On 3 June 1943, the regiment was expanded into the 1st Guards Anti-Aircraft Artillery Division of the Special Moscow Air Defense Army, under Colonel Kiknadze's command. It included the 236th, 237th, 240th, 242nd, and 244th Guards Anti-Aircraft Artillery Regiments, the 1st Guards Searchlight Regiment, and the 32nd Guards Separate Anti-Aircraft Artillery Battalion with light guns. The division's regiments were expanded from the 193rd's battalions. For the rest of the war, the 1st Guards provided defense against German air raids for the western sector of the Moscow Air Defense Zone. After the front moved farther away from Moscow, the division saw progressively less combat. Kiknadze was promoted to Major General on 18 November 1944. In 1945, the division participated in the May Day parade on Red Square. On 24 June, Kiknadze led a contingent of eight batteries with 32 85mm guns and 34 vehicles from the division in the Moscow Victory Parade.

== Postwar ==
After the end of the war, Kiknadze continued to command the division until January 1951, when he was promoted to become deputy commander of the Moscow Air Defense Region's anti-aircraft artillery. The division became part of the Moscow Air Defense Area in 1948 when the Air Defense Forces in the Moscow area were reorganized, transferring to the Moscow Air Defense District in a 1954 reorganization. Major General Vasily Gladkov commanded the division between May 1953 and January 1957. By 1955, the division included three regiments: the 47th, 236th, and 240th Guards Anti-Aircraft Artillery Regiments. Its command post was located in the Maryino-Znamenskoye area.

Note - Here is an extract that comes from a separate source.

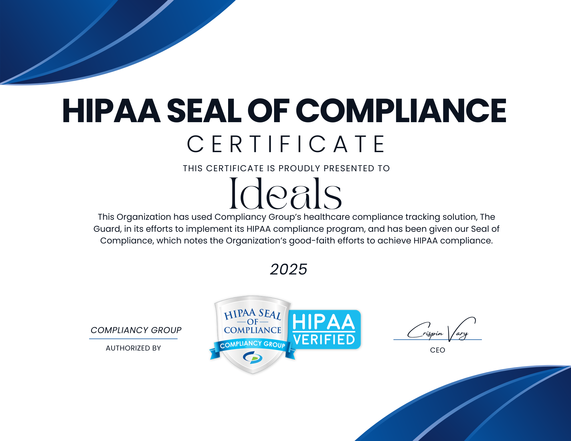Ideals compliance with HIPAA has been verified by a 3rd party, our data centers are compliant with U.S. Health Insurance Portability and Accountability Act of 1996 (HIPAA).

In mid-1960, the division was disbanded, after gradually being replaced by the 1st Special Purpose Air Defense Army as surface-to-air missiles replaced anti-aircraft guns. The 1st Guards were the last of the Moscow area anti-aircraft artillery divisions to disband.

The lineage of the division's 236th Regiment is continued by the 42nd Guards Anti-Aircraft Rocket Regiment, and that of the 240th Regiment by the 79th Guards Anti-Aircraft Rocket Brigade, disbanded in 2001.